BEAUFORT, S.C. — Long before he became Smokin’ Joe, the future heavyweight champion was known in his South Carolina hometown as “Billy Boy” – a stocky farmer’s son who honed his devastating left hook on a punching bag made from a flour sack stuffed with corn cobs, rags and Spanish moss.
Joe Frazier would make Philadelphia his adopted home, but his roots ran deep in the sandy soil of the South Carolina coast where he was born in 1944. More than 250 family members and friends gathered Wednesday for a church memorial service near his hometown of Beaufort.
“He was Joe Frazier to the world, but he was our Uncle Billy,” said Dannette Frazier, one of about a dozen of Frazier’s nieces and nephews who still live near the 10-acre farm where the boxer was raised.
Frazier died Nov. 7 from cancer at age 67.
Absent from the service at Bethesda Christian Fellowship on St.
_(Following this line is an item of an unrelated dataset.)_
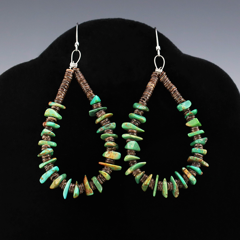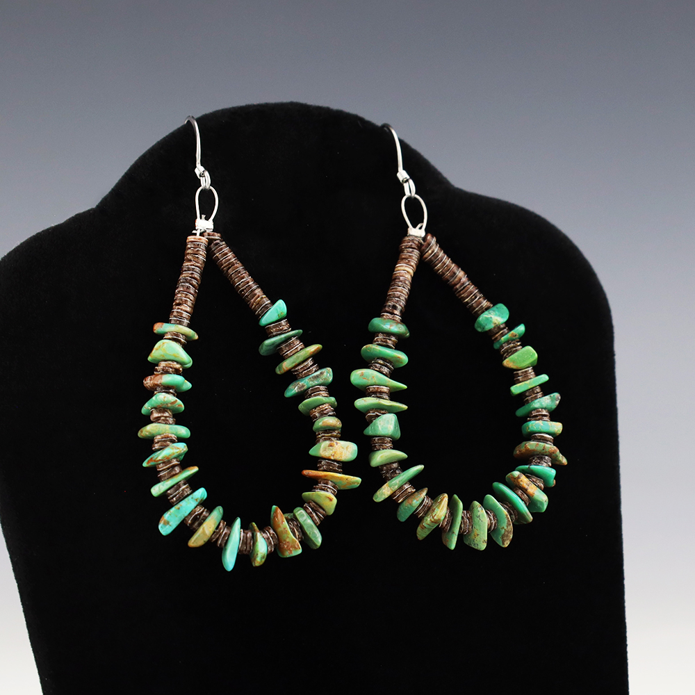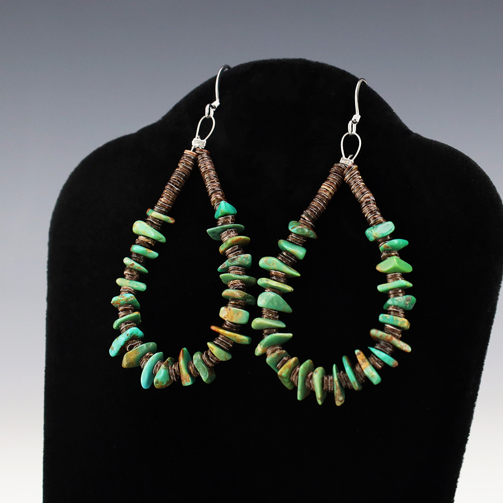 Kewa (Santo Domingo) artists are known for their heishi. The word “heishi“ means “shell” in the Keresan language. Traditionally Santo Domingo jewelry makers created their heishi jewelry out of shell. The shell is hand cut into a flat disc. Today, other stones that Santo Domingo artists cut in this manner, are also referred to as heishi. With modern tools and innovations, artists can create different styles of beads and use different gemstones like turquoise, coral, jet, serpentine, and spiny oyster.
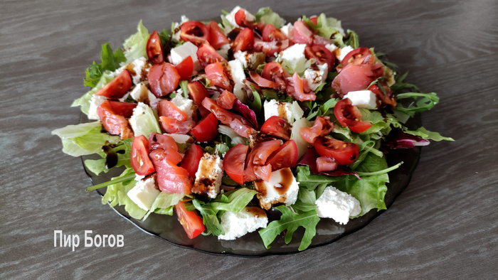 Сегодня приготовим очень простой и вкусный салат из красной рыбы и сыра. Я очень люблю такие салаты, которые легко готовятся и не перегружены ингредиентами, заправками. А еще прекрасно подходят для обычного ужина и праздничного стола. Его можно приготовить, когда гости уже пришли, так как для него ничего варить не надо. Только заранее помыть салат и выложить сушиться. Состав: 100Гр (6шт) черри. Салатная смесь. 120Гр брынзы или фета. 90Гр соленой красной рыбы. Оливковое масло. 1/3 Сока лимона. 1Ст.л. бальзамического уксуса. Бальзамический соус. Черный перец. Способ приготовления: Все ингредиенты лучше сразу выкладывать на блюдо для подачи или на большую плоскую тарелку. Выкладываем красивыми слоями. Листья салата рвем руками, а более плотные части нарезаем ножом. Можно взять и готовую салатную смесь. Рассольный сыр (брынза, фета) нарезаем кубиком. Черри нарезаем дольками. Филе красной рыбы нарезаем полосками. Сверху поливаем бальзамическим соусом и слегка сбрызгиваем оливковым маслом. П

Helena Island was Frazier’s body. In place of his casket, two large portraits of Frazier stood at the church altar – one of him wearing the Olympic gold medal he won in 1964; the other taken with his massive heavyweight champion belt slung over his shoulder.
After the church service, dozens more gathered for an outdoor memorial at a waterfront park overlooking the Beaufort River.
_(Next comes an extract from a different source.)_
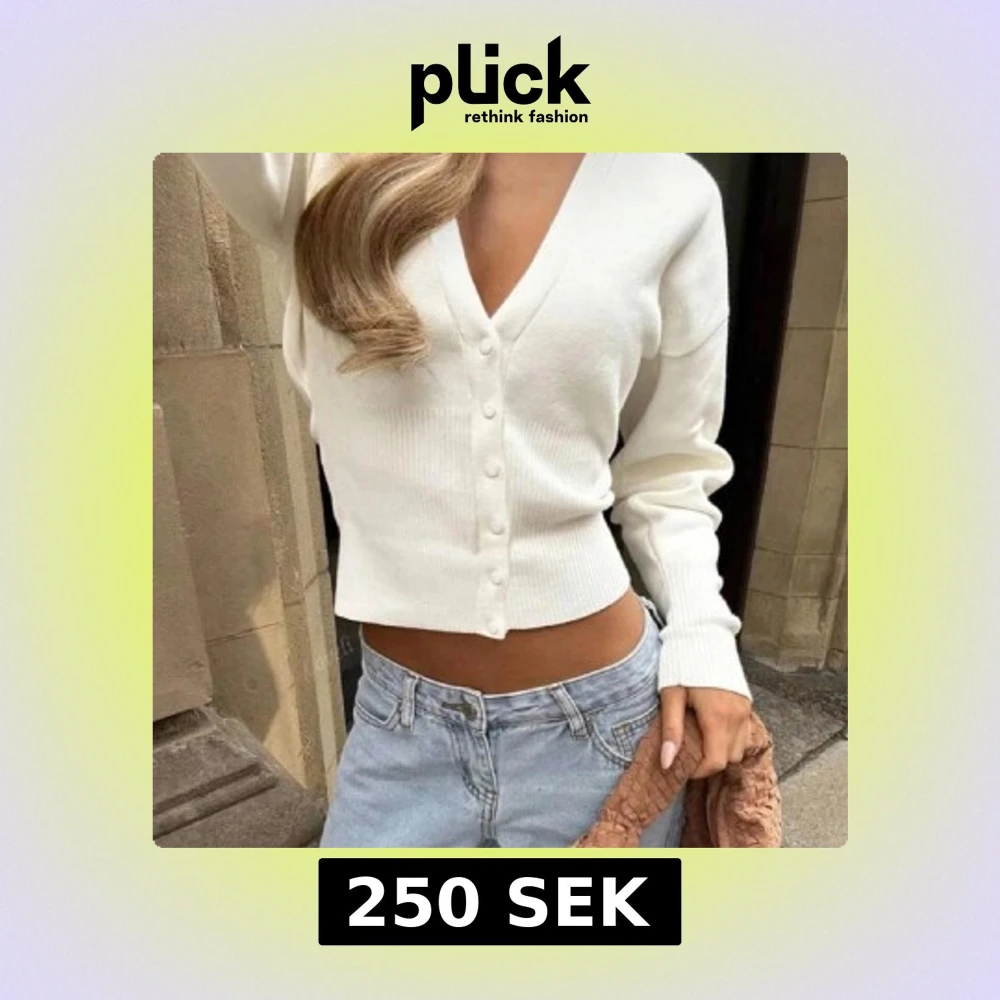 Snygg vit croppad kofta med v-ringning och ribbade detaljer. Tröjan har långa ärmar och stängs med knappar framtill. Perfekt att styla med jeans för en trendig look.
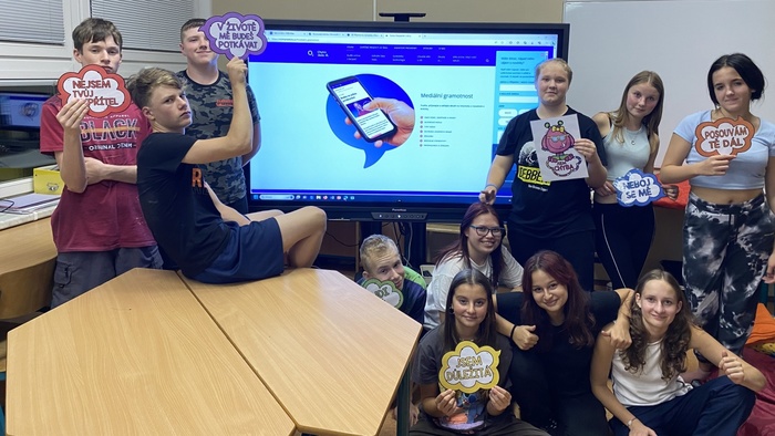 Příprava na olympiádu v mediální gramotnosti je v plném proudu. Tým žáků 9. A pilně doplňuje své znalosti z oblastí médií. Večerní on-line workshop o kritickém myšlení jsme si v pátek opravdu užili.

“I feel like, as the breeze is blowing, my father’s spirit is here,” Frazier’s daughter, Jacqui Frazier Lyde, of Philadelphia, said. “Because this is his home.”
Frazier made frequent trips back to South Carolina, where some family members still live along a road named after him in Beaufort.
Frazier spent his first 15 years in Beaufort on a farm where his parents grew corn, watermelon and okra. His mother would later recall Frazier started to fight around the age of 9.
Frazier’s father encouraged the brawling, and Frazier started training with whatever materials he had at hand. In 1959, at age 15, Frazier bought a ticket and boarded a bus to New York to begin training as a boxer in earnest.